▸ **Directions for this task**: Write out again, exactly as they appear, the lines from the start of the data below through the line with "Air France a"; no pictures.

▸ **Material provided**:
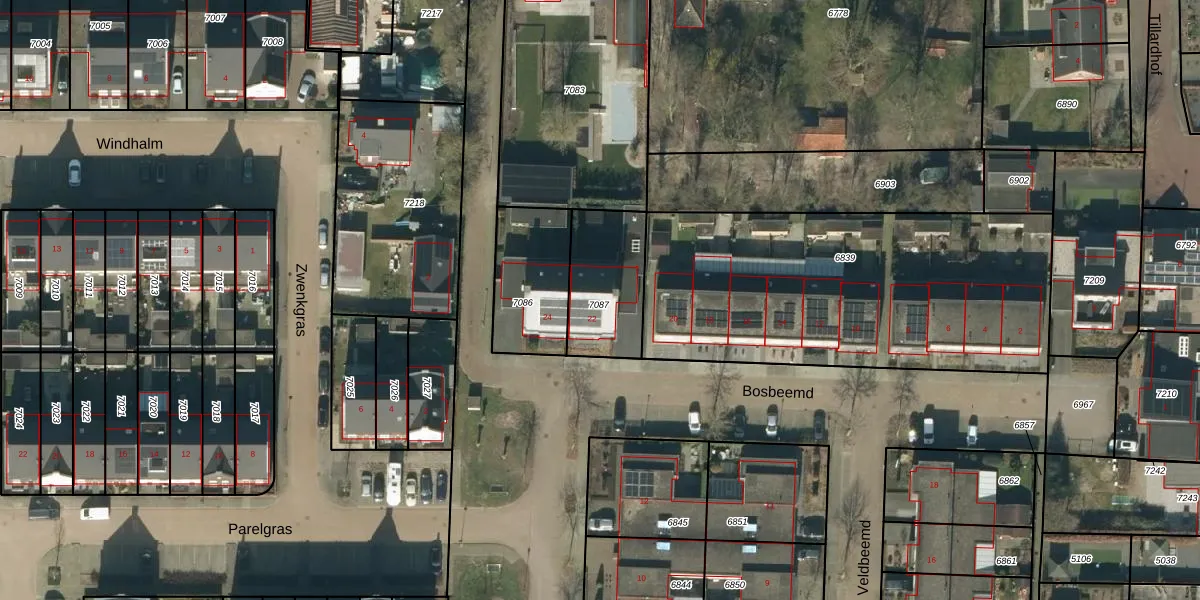 Het perceel waarop het adres ligt is HEE02-A-7087. De afkorting 'HEE02' staat voor kadastrale gemeente Heesch. De gemiddelde perceelgrootte in Heesch is 2870,1 m². Dit perceel is kleiner: de perceeloppervlakte bedraagt 310 m². Het grootste perceel in de kadastrale gemeente is 50,1 ha. Het kleinste perceel heeft een oppervlakte van 0 m². Op het perceel bevinden zich geen andere adressen. In de Basisregistratie Kadaster (BRK) werden de grenzen van het perceel geregistreerd op 26-08-2015.
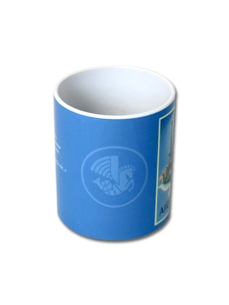 Air France a décidé de lancer sa nouvelle collection de mugs en porcelaine, ayant pour décoration deux cercles bleus représentant la planisphère, entourée de décoration sur fond rouge.
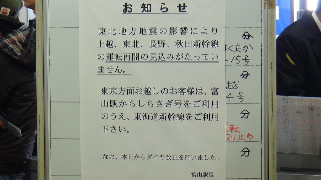 〔東日本大震災〕 あれから10年、あの日、何をしていましたか? 2021年3月11日 自分は1泊2日の東京出張2日目に地震発生で帰宅難民となり、その時の状況はテキストファイルとして残していたのだが、被災地の方々の艱難辛苦に比べるとあまりにも軽々しい内容で、家族や職場以外では語るに語れずであった。10年経って、あの時を振り返り記憶を伝える動きが少なからずあり、それに同調したわけでもないが、それなりに強い衝撃を受けた自分自身の記録としてまとめてみた。震災当日の行動や翌朝の寒さもよく覚えているのだが、12日に乗ったANA羽田富山883便の窓からの眺めが忘れられない。その時の思いは今でも明瞭に憶えている。飛行機が離陸すると美しい日本の国土が見渡せ、大震災や大津波が夢か嘘の様に思えた。富士山やアルプスの山々は人間が何人死のうが助かろうがいつも変わらず聳えているのである。帰宅して家族の安堵した顔を見て、自分に出来ることは自分自身や家族が健康に生活できる様に、小さな身の回りの世界をいつも通りに動かすことしかないと認識。そして、災害の度に思い出す良寛様の言葉、「災害のときは災害に逢うが宜しく候」である。 ▼3月10日(木) 1泊2日の東京出張。富山駅構内に入ると平日の朝6時半なのに撮り鉄がちらほら。明日で北陸本線から引退する419系(583系改)が入線していた。北陸で顔をぶったぎられ何とも可哀想な姿に成り果てたが昔は憧れの寝台特急であった。さらに、明日で国内通常運行ラストとなるキハ58・28系まで居た。キハ58が国鉄急行「ひめかわ」として現役だった学生時代は帰省時によく乗った。まだ電化されていない越後線で、内野から新潟駅に出ることなく直接西に向かえたし、終着の青海駅で富山行きの普通列車に連絡しており、特急利用と乗車時間はそう変わらなかった。はくたか1号に乗るとすぐに車内アナウンス、上越線のトラブルでほくほく線経由の越後湯沢行から信越線経由で長岡行に変更、東京着は30分以上遅くなるものの、おかげで久々に上越〜長岡の車窓からの景色を見られた。中越沖地震の爪痕残るも、柏崎の海岸や長岡の山間の景色は何とも懐かしく、はくたかにこのまま第二の故郷である新潟まで走ってくれないかと・・・時折響く汽笛もエレジーの様だった。 東京は馬鹿陽気でスギ花粉大量飛散中、鼻水爆流+目の痒みが酷い。中央線四ツ谷から丸ノ内線で赤坂見附へ、出張初日は主目的の東京支社のLAN設備更新、10年物の古い10メガHUBやら勝手増設の小型HUBの撤去更新、LANケーブルもカテ5eに更新、ツメ折れた端子の更新圧着やらと意外と作業多し。後片付け後、N部長にコールドスタンバイのレクチャー&細々した相談に応えつつ、ちょうど東京出張してた別部署の社員と一緒に誘われた会食を断って、午後6時前に支社を出る。見附から赤坂を少々ぶらつき千代田線で日比谷、アートスポーツ日比谷店でシューズ物色、買うなら明日でいいかと冷やかしだけ。八丁堀の常宿泊。 ▼3月11日(金) ゆっくりの朝食後、10時ちょい前チェックアウト、京葉線で新木場駅、りんかい線で国際展示場、ビッグサイトでセキュリティショウ、昨日の作業の予備日を兼ねてオマケで付けた用事ではあるが、折角の上京で見聞広めることは悪い事ではない。ICカードや携帯電話使ったハンズフリー入退館システム、暗視化やHD化またIP化された監視カメラ、これらを統合した中央監視等の情報収集。午後早々に切り上げ、移動を除けば2日間の予定は終了。移動販売車の弁当で昼食安上げて、東京駅へ移動。帰りの新幹線まで2時間ほど。荷物を職場の携帯からコンデジの果てまでぜんぶ東京駅のコインロッカーに預け、有楽町駅から日比谷へと向かう。 ▼3月11日(金)14時46分〜 急に眩暈を感じ足元がふらつく気がした。が、周囲の悲鳴で眩暈ではなく地震の揺れと気付く。揺れは一気に強くなり、信号機や街灯の支柱が有り得ない角度で左右に振れている。足元を見れば地面が波打ち、踏ん張って立っているのが精一杯でまったく動けない。オートバイから降りて必死にバイクを支えている人もいる。足元ではアスファルト舗装とコンクリートの継ぎ目が開いたり閉じたりしている。とても長く感じた揺れが収まってから建物の無い皇居方面へと急いで避難する。 皇居上空には沢山の鳥鳥鳥…、こんなにも皇居に鳥が棲んでるのか。パトカーや白バイがサイレンを鳴らし走っている。丸の内の建設中ビルのてっぺんでクレーンが大きく揺れワイヤーが不気味にゆっくり大きく振れている。東側の海岸方向では火災と思われる黒煙が立ち上がっている。状況を知りたいが職場のワンセグ付き電話はかばんごとロッカーの中、持っているのは電話機能しかない個人携帯・・・。ワンセグTVを見ている人に聞けば、東京の震度は5強、てっきり東京直下地震と思い込んでたが、震源は宮城沖とのこと。各地の様子は不明。報道のヘリが何機も飛び始める。余震の危険もあり、しば

▸ **Task solution**:
 Het perceel waarop het adres ligt is HEE02-A-7087. De afkorting 'HEE02' staat voor kadastrale gemeente Heesch. De gemiddelde perceelgrootte in Heesch is 2870,1 m². Dit perceel is kleiner: de perceeloppervlakte bedraagt 310 m². Het grootste perceel in de kadastrale gemeente is 50,1 ha. Het kleinste perceel heeft een oppervlakte van 0 m². Op het perceel bevinden zich geen andere adressen. In de Basisregistratie Kadaster (BRK) werden de grenzen van het perceel geregistreerd op 26-08-2015.
 Air France a décidé de lancer sa nouvelle collection de mugs en porcelaine, ayant pour décoration deux cercles bleus représentant la planisphère, entourée de décoration sur fond rouge.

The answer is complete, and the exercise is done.